(Stored entries)
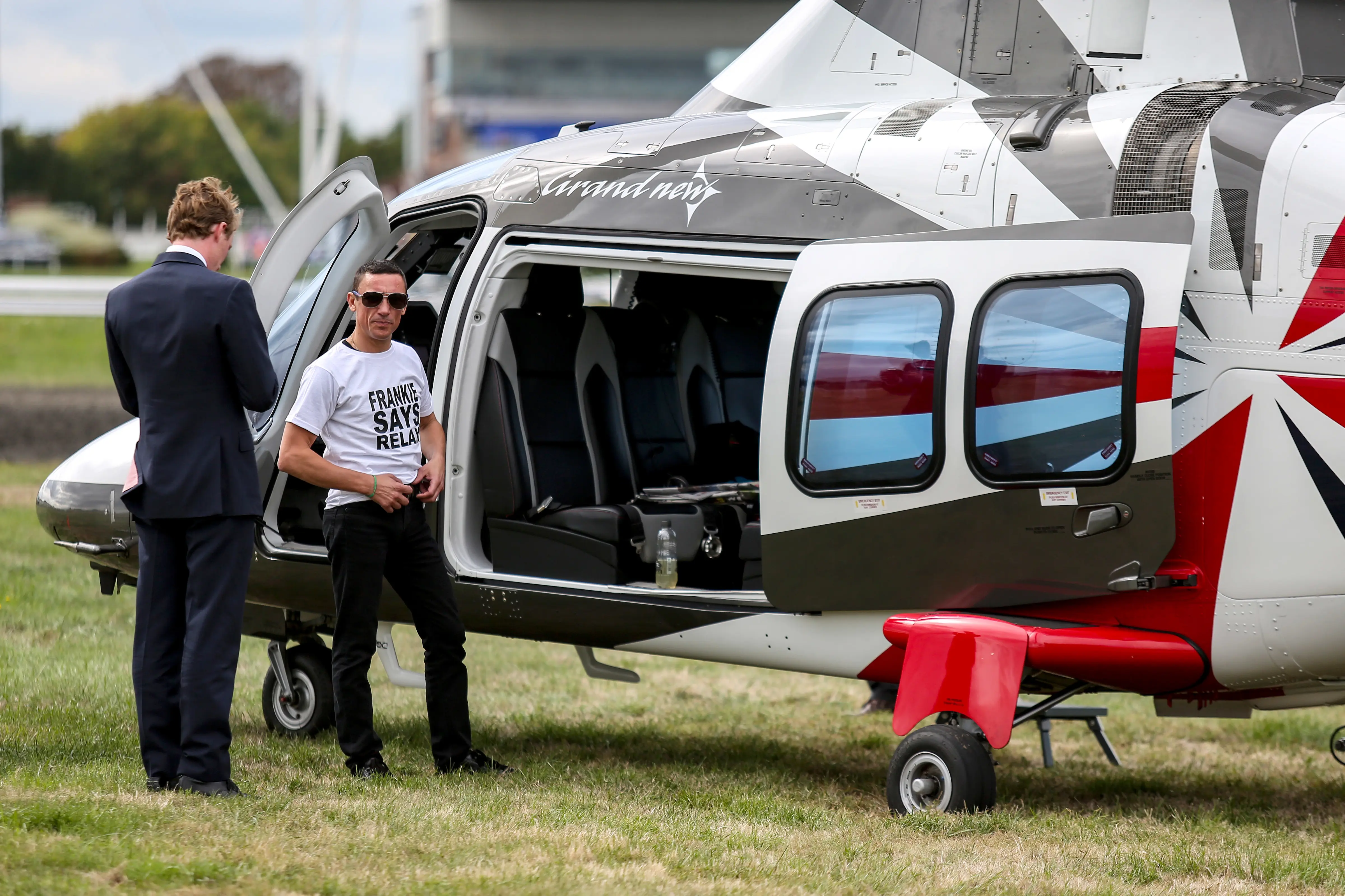 Dettori, who wore a T-Shirt sporting the slogan, "Frankkie Says Relax" had been scheduled to fly in from Kempton after partnering Enable to victory. The helipcopter took off, but moments later it was announced he would miss the ride.
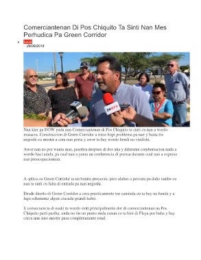 masacra. Construccion di Green Corridor a trece hopi problema pa nan y hasta tin
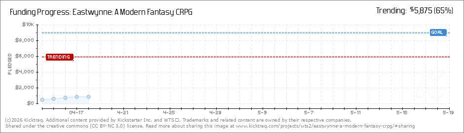 Help your backers reach your daily goals and help others see how you're doing. It's easy, with Kicktraq Mini.Here are a few quick snippits of code you can use to embed your personalized widget on your website, in your blog, and even on your favorite forum.
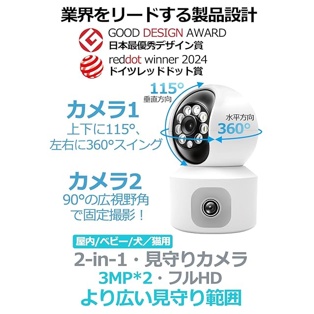 【2-in-1・見守りカメラ】:1台の見守りカメラで2カ所を同時に見守りことができる。監視カメラ画面1、スマートフォンから遠隔操作可能、上下115°と左右360°の首振りが可能で!監視カメラ画面2、90°の広視野角で固定撮影!お子様やペットの見守りに最適。
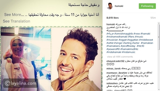 تفاعل متابعو الفتاة كما جمهور محمد حماقي مع أمنية كهرمانة فما كان من النجم المصري إلا أن أعلن اليوم على صفحته على انستجرام استجابته لأمنتيها بنشر طلبها مرفق بعبارة: "ألف مبروك.. ان شاء الله انا اول الحاضرين مبروووووووووووك".
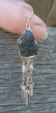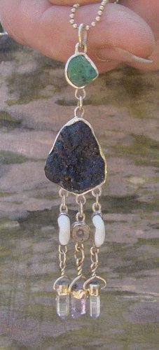 Heaven and Earth w/ Quartz Wand & Emerald in Fine Silver
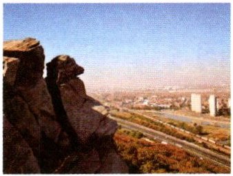 示例:一只猴子,倚着岩石,欣赏山下的风景。
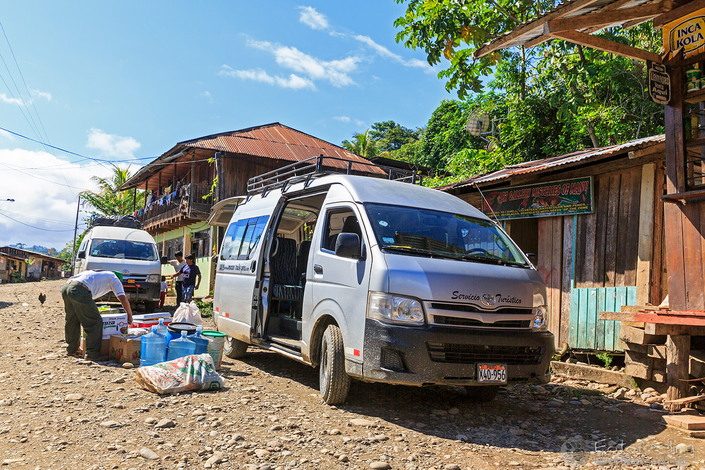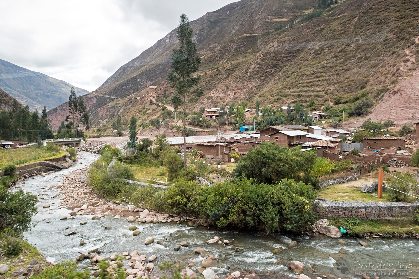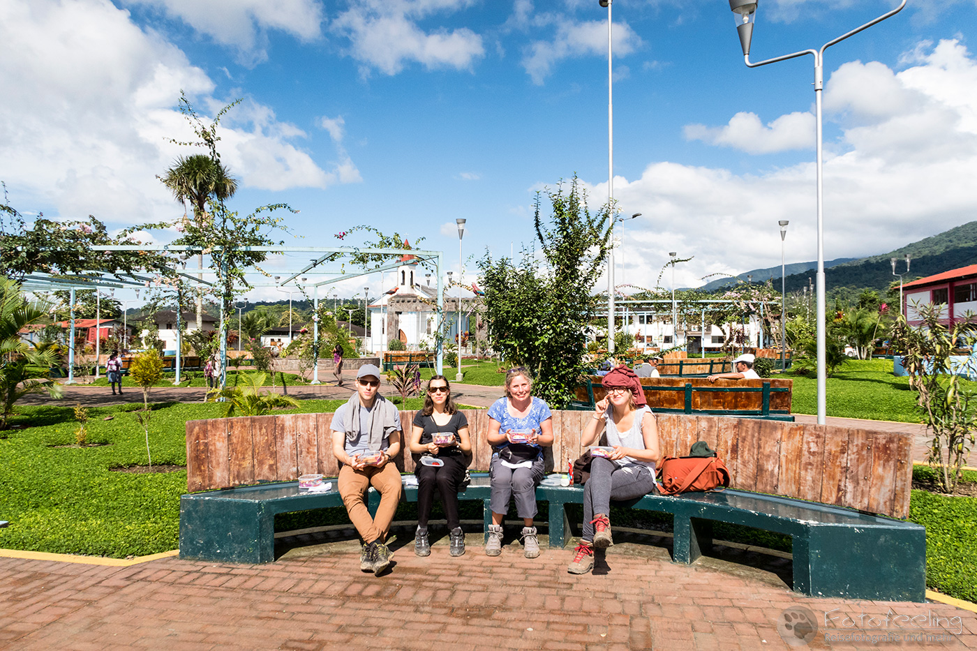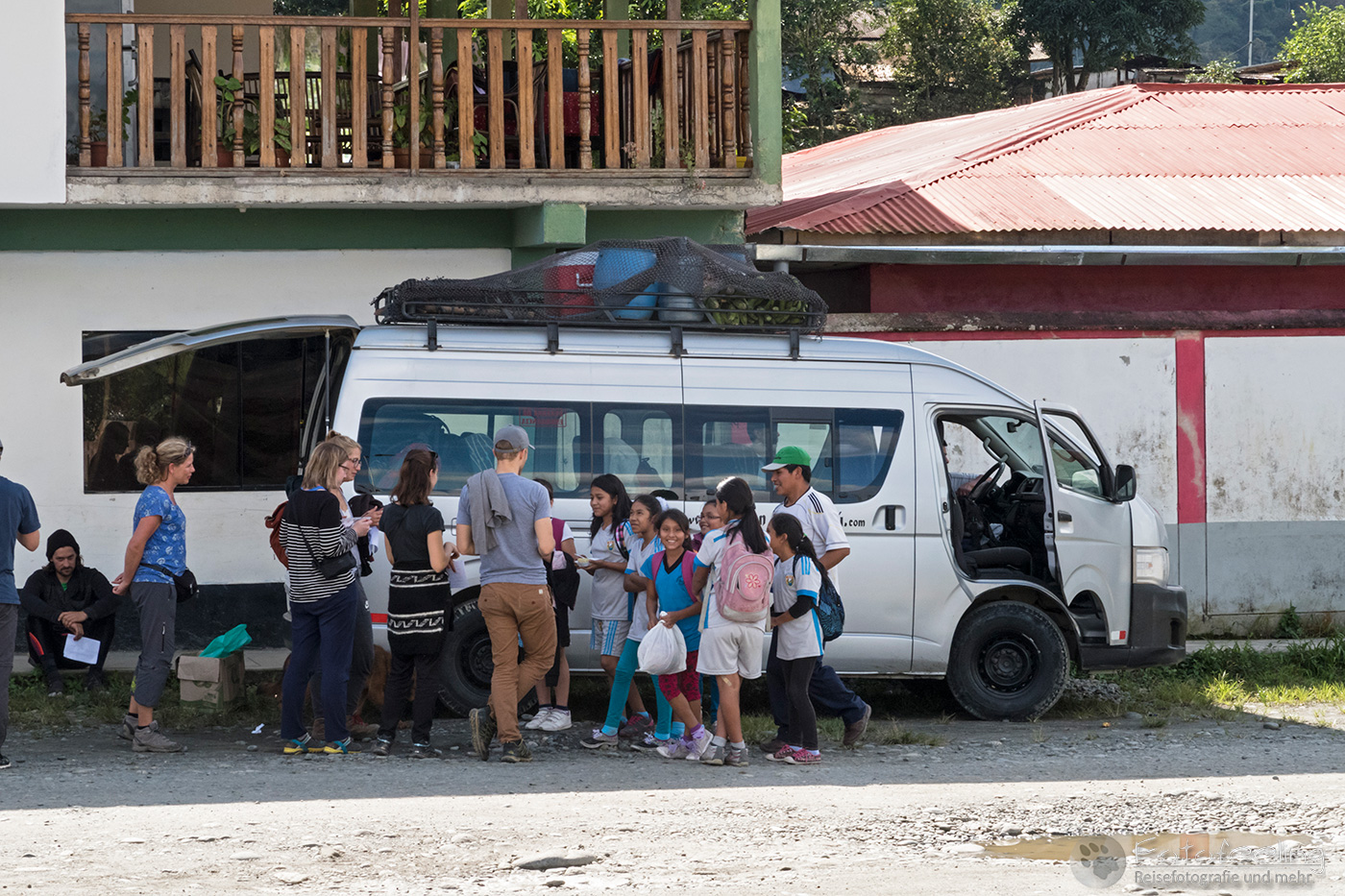 In Colorado legten wir an und verabschiedeten uns von den Bootsfahrern. Es warteten schon ein paar Autos auf uns, die uns über Land zum Fluss Rio Inambari brachten, den wir wieder mit einem Boot passierten. In Santa Rosa auf der anderen Fluss-Seite wartete schon wieder ein Kleinbus für die Fahrt nach Cusco auf uns. Leider gab es kein freudiges Wiedersehen mit Americo, zwei neue Fahrer erwarteten uns und der Spaß begann. Während der eine sehr langsam fuhr, so dass wir das Gefühl hatten nie in Cusco anzukommen, fuhr der andere wie ein Henker, so dass wir oftmals in den Kurven mit zwei Reifen in der Luft hingen und das Auto verdächtig ächzte und quietschte. Aber wenigstens war die Straße geteert, denn vor lauter in den Sitz krallen, hätten wir keine Hand mehr frei gehabt, um uns vor dem Staub zu schützen. So tuckerten oder bretterten wir auf der asphaltierten Transoceanica durch Nebelwald hinauf in die Anden, wo wir mittags zum Glück im Schatten eines schönen Dorfes Rast machten und zu Mittag aßen. Auch das gestaltete sich als etwas schwierig, denn entweder musste man im Stehen essen oder sich in die pralle Sonne auf Parkbänke setzen. So schön es war, wieder die Sonne zu sehen, ihre Kraft in der Höhe der Anden war schon gewaltig und so zogen wir dann doch den Schatten vor und mühten uns im Stehen mit dem Essen ab.
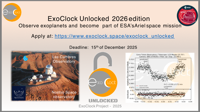 El equipo de ExoClock da la bienvenida a todas las personas interesadas en esta iniciativa interactiva: ¡una oportunidad única para descubrir la fascinante ciencia detrás de los exoplanetas! Las solicitudes están abiertas hasta el 15 de diciembre. El enlace para solicitudes y más información aquí: https://www.exoclock.space/exoclock_unlocked
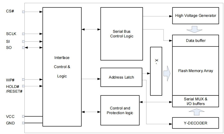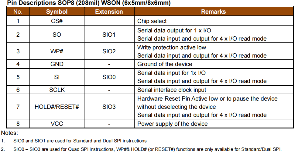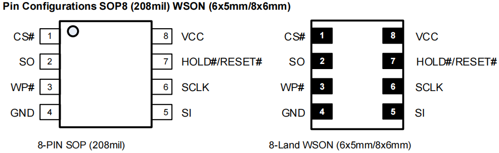-标准SPI:SCLK、CS#、SI、SO、WP#、HOLD#
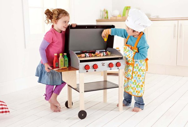 Лето — пора шашлыков! Теперь ваш ребёнок тоже сможет угостить своих друзей вкусным барбекю. Этот гриль совсем как настоящий!! Под поддоном находится полочка, где можно поместить необходимые аксессуары для приготовления шашлыков. Две ножки оснащены колёсиками, поэтому оборудование можно перемещать в любую сторону. В набор включены аксессуары и еда — два вертела, две рыбы, два стейка, две части колбасы, два кусочка зеленого перца, две куриных части, две креветки, два гриба, две части тофу, бутылка кетчупа и горчицы и одна пара щипцов. Игровой… — Читать дальше

- **WHAT THIS TASK INVOLVES**: Word for word, retype all of the data above, but include no pictures.

- **WRITTEN RESPONSE**:
 Dettori, who wore a T-Shirt sporting the slogan, "Frankkie Says Relax" had been scheduled to fly in from Kempton after partnering Enable to victory. The helipcopter took off, but moments later it was announced he would miss the ride.
 masacra. Construccion di Green Corridor a trece hopi problema pa nan y hasta tin
 Help your backers reach your daily goals and help others see how you're doing. It's easy, with Kicktraq Mini.Here are a few quick snippits of code you can use to embed your personalized widget on your website, in your blog, and even on your favorite forum.
 【2-in-1・見守りカメラ】:1台の見守りカメラで2カ所を同時に見守りことができる。監視カメラ画面1、スマートフォンから遠隔操作可能、上下115°と左右360°の首振りが可能で!監視カメラ画面2、90°の広視野角で固定撮影!お子様やペットの見守りに最適。
 تفاعل متابعو الفتاة كما جمهور محمد حماقي مع أمنية كهرمانة فما كان من النجم المصري إلا أن أعلن اليوم على صفحته على انستجرام استجابته لأمنتيها بنشر طلبها مرفق بعبارة: "ألف مبروك.. ان شاء الله انا اول الحاضرين مبروووووووووووك".
 Heaven and Earth w/ Quartz Wand & Emerald in Fine Silver
 示例:一只猴子,倚着岩石,欣赏山下的风景。
 In Colorado legten wir an und verabschiedeten uns von den Bootsfahrern. Es warteten schon ein paar Autos auf uns, die uns über Land zum Fluss Rio Inambari brachten, den wir wieder mit einem Boot passierten. In Santa Rosa auf der anderen Fluss-Seite wartete schon wieder ein Kleinbus für die Fahrt nach Cusco auf uns. Leider gab es kein freudiges Wiedersehen mit Americo, zwei neue Fahrer erwarteten uns und der Spaß begann. Während der eine sehr langsam fuhr, so dass wir das Gefühl hatten nie in Cusco anzukommen, fuhr der andere wie ein Henker, so dass wir oftmals in den Kurven mit zwei Reifen in der Luft hingen und das Auto verdächtig ächzte und quietschte. Aber wenigstens war die Straße geteert, denn vor lauter in den Sitz krallen, hätten wir keine Hand mehr frei gehabt, um uns vor dem Staub zu schützen. So tuckerten oder bretterten wir auf der asphaltierten Transoceanica durch Nebelwald hinauf in die Anden, wo wir mittags zum Glück im Schatten eines schönen Dorfes Rast machten und zu Mittag aßen. Auch das gestaltete sich als etwas schwierig, denn entweder musste man im Stehen essen oder sich in die pralle Sonne auf Parkbänke setzen. So schön es war, wieder die Sonne zu sehen, ihre Kraft in der Höhe der Anden war schon gewaltig und so zogen wir dann doch den Schatten vor und mühten uns im Stehen mit dem Essen ab.
 El equipo de ExoClock da la bienvenida a todas las personas interesadas en esta iniciativa interactiva: ¡una oportunidad única para descubrir la fascinante ciencia detrás de los exoplanetas! Las solicitudes están abiertas hasta el 15 de diciembre. El enlace para solicitudes y más información aquí: https://www.exoclock.space/exoclock_unlocked
-标准SPI:SCLK、CS#、SI、SO、WP#、HOLD#
 Лето — пора шашлыков! Теперь ваш ребёнок тоже сможет угостить своих друзей вкусным барбекю. Этот гриль совсем как настоящий!! Под поддоном находится полочка, где можно поместить необходимые аксессуары для приготовления шашлыков. Две ножки оснащены колёсиками, поэтому оборудование можно перемещать в любую сторону. В набор включены аксессуары и еда — два вертела, две рыбы, два стейка, две части колбасы, два кусочка зеленого перца, две куриных части, две креветки, два гриба, две части тофу, бутылка кетчупа и горчицы и одна пара щипцов. Игровой… — Читать дальше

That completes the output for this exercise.